» **Supplied information**
▽
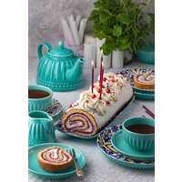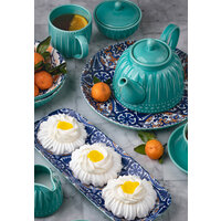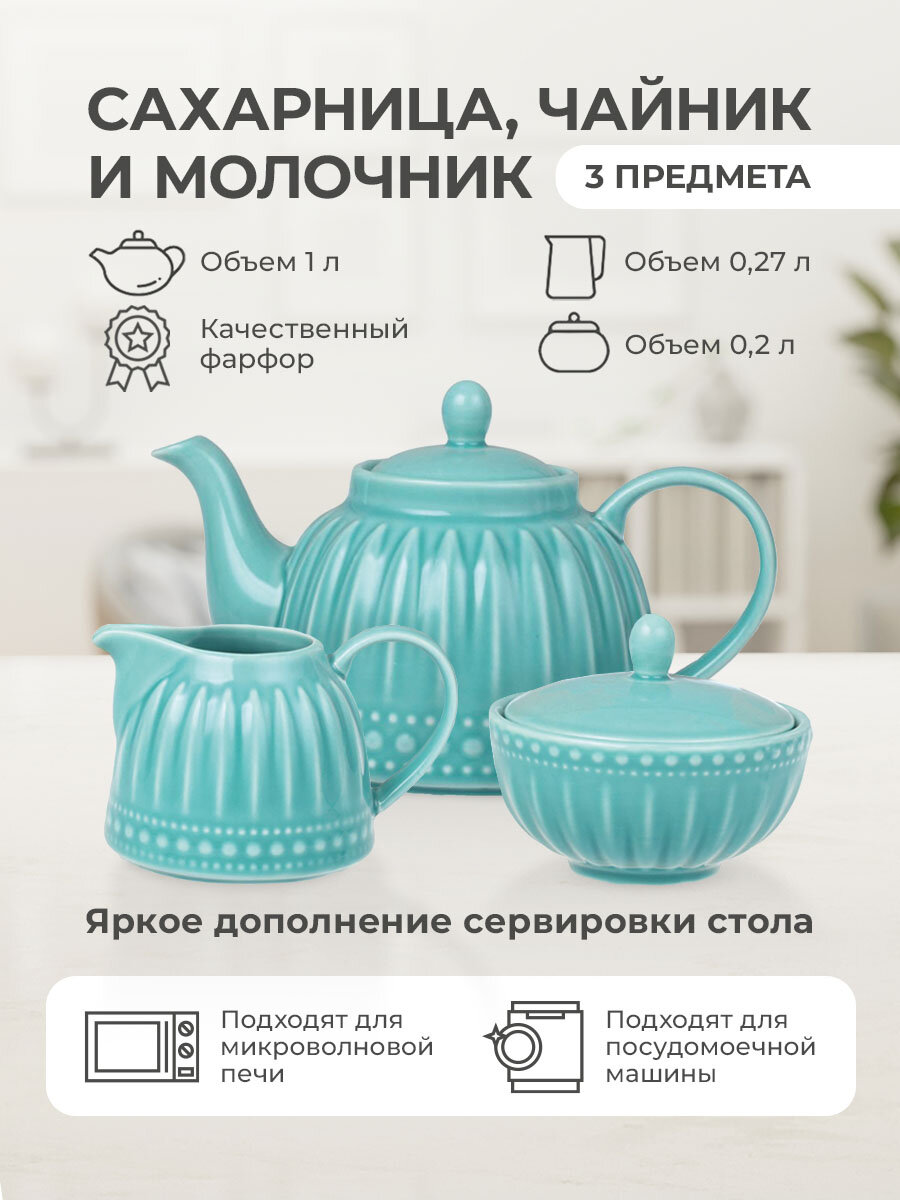 Набор для чаепития состоит из чайника заварочного с крышкой, сахарницы с крышкой и молочника. Набор из заварочного чайника, сахарницы и сливочника изготовлен из фарфора. Чайник заварочный: объем 1000мл (1л), высота с крышкой 15см. Сахарница с крышкой: объем 200мл, высота 8см. Молочник: объем 270мл, высота 8см. Эту фарфоровую посуду можно использовать для хранения в холодильнике и морозильнике, мыть в посудомоечной машине, использовать в микроволновой печи (СВЧ). Красивая посуда для кухни – неотъемлемый элемент интерьера дома. Коллекция посуды "Beautiful patterns" воплощает в себе единение классических глубоких однотонных расцветок и затейливых узоров, запоминающихся изяществом и яркостью красок. Набор для чаепития с чайником, сахарницей фарфоровой и сливочником украшен рельефным декором в виде разнообразных бороздок и поясков. Чайник заварной (заварник для чая) фарфор, молочник фарфоровый и сахарница имеют снаружи яркий бирюзовый цвет и глянцевое покрытие. Глазурь защищает поверхность от механических повреждений, придавая красивый блеск. Набор чайник и сахарница, и молочник не только украсит праздничный стол, но создаст домашний уют и гармонию. Дополните его пиалами (маленькими салатниками) из одноименной коллекции, и у Вас получится красивый чайный набор. Разнообразные предметы из коллекции подходят не только для сервировки стола, но для подачи блюд и чаепития. Вы можете собрать красивый чайный сервиз или обеденный сервиз из набора тарелок для салата, чайных пар, салатников, тарелок и кружек. Стильная посуда подойдет не только для домашней кухни, но и для кафе и ресторана. Набор посуды для кухни – это отличная идея для подарка! Сделайте подарок для коллеги, подберите посуду для чаепития в подарок подруге, сестре, маме и бабушке. Красивая посуда для сервировки – это отличный подарок на 23 февраля, праздник 8 марта, Пасху, Новый год и Рождество, день рождения, юбилей, новоселье.
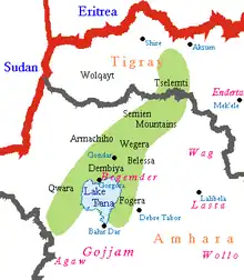 In 1329, Emperor Amda Seyon campaigned in the northwest provinces of Semien, Wegera, Tselemt, Tsegede and Dembiya in which many had been converting to Judaism and where the Beta Israel had been gaining prominence.[3] He sent troops there to fight people "like Jews" (Ge'ez ከመ:አይሁድ kama ayhūd).[4] There is no evidence for a unified Beta Israel dominion at this time. Judaized groups were dispersed, politically divided,- some being allied to the Emperor.[5][6]
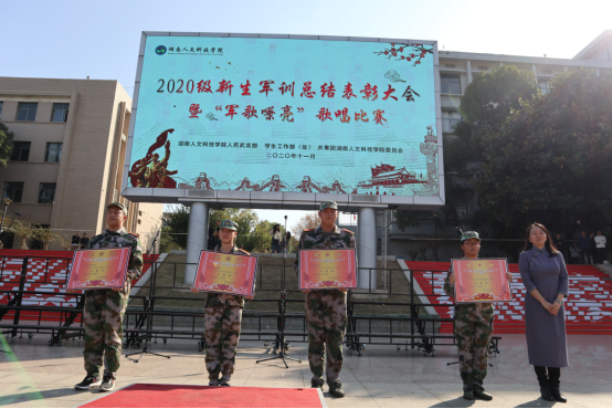 首先,魏彦煜宣读了2020级新生军训表彰决定,经军训团评选推荐,军训领导小组审核,评选出了“优秀连队”、“内务优秀寝室奖”、“先进个人”、“优秀教官”等奖项,刘铁峰、谢柳、魏彦煜为获奖集体及个人颁奖。
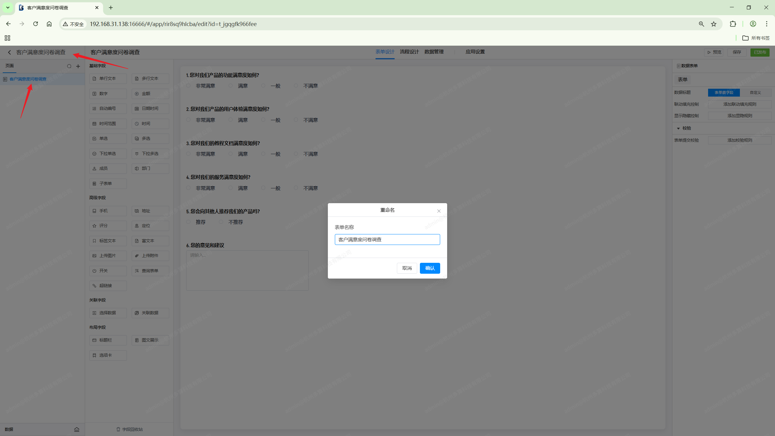 最后我们可以修改一下应用的名称和表单的名称,双击左上角的应用名称可以直接进行修改,右击数据表单可以进行重命名。
△
Please give again only those lines that run from the one containing "首先,魏彦煜宣读了2020级" through the final line of the listing, both included, exactly as written and without pictures.

 首先,魏彦煜宣读了2020级新生军训表彰决定,经军训团评选推荐,军训领导小组审核,评选出了“优秀连队”、“内务优秀寝室奖”、“先进个人”、“优秀教官”等奖项,刘铁峰、谢柳、魏彦煜为获奖集体及个人颁奖。
 最后我们可以修改一下应用的名称和表单的名称,双击左上角的应用名称可以直接进行修改,右击数据表单可以进行重命名。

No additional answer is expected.